LeetCode 45: Jump Game II

Given an array of non-negative integers, you are initially positioned at the first index of the array.
Each element in the array represents your maximum jump length at that position.
Your goal is to reach the last index in the minimum number of jumps.
For example:
Given array A = [2,3,1,1,4]
The minimum number of jumps to reach the last index is 2. (Jump 1 step from index 0 to 1, then 3 steps to the last index.)

public class Solution {
    public int jump(int[] A) {
        // Greedy algorithm
        // The kernel idea of greedy algorithm is to select an element that can reach the longest distance when given a fixed range.
        // Then update steps and fixed search range.
        int n = A.length;
        
        if (n <= 1)
            return 0;
            
        if (A[0] == 0)
            return 0;            
        
        int max = 0; // Max distance that can be reached.
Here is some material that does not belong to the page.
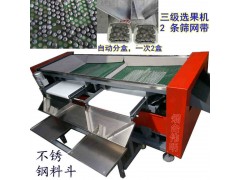 新型三等级蓝莓筛选机,在通用四等级蓝莓选果机基础上,减少一级,变为三等级选果,即2条筛网带,尺寸一般为12、15mm,也可以13、16mm,其它尺寸均可定制,这种新式小型蓝莓选果机,将设备缩短化,小巧方便灵活,适合广大用户对蓝莓选果机的需求,分选不伤果粉。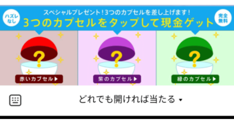 1つ紹介すると、3つのカプセルが表示され、開けば現金を手に入れられるという内容の案件の紹介メッセージがありました。

        int id; // id when get max distance
        int range; // Search range
        int step = 1; // Number of steps
        
        int i = 0;
        
        while (i < n)  
        {
            id = -1;
            range = i+A[i];
            
            if (range >= n-1)
                break;
                
            while (i <= range)  
            {
                if (A[i]!=0 && max<i+A[i])
                {
                    max = i+A[i];
                    id = i;
                }
                
                i++;
            }
            
            // Can't reach the last element
            if (id == -1)
                return 0;
            
            step++;
            i = id;
        }
        
        return step;
    }
}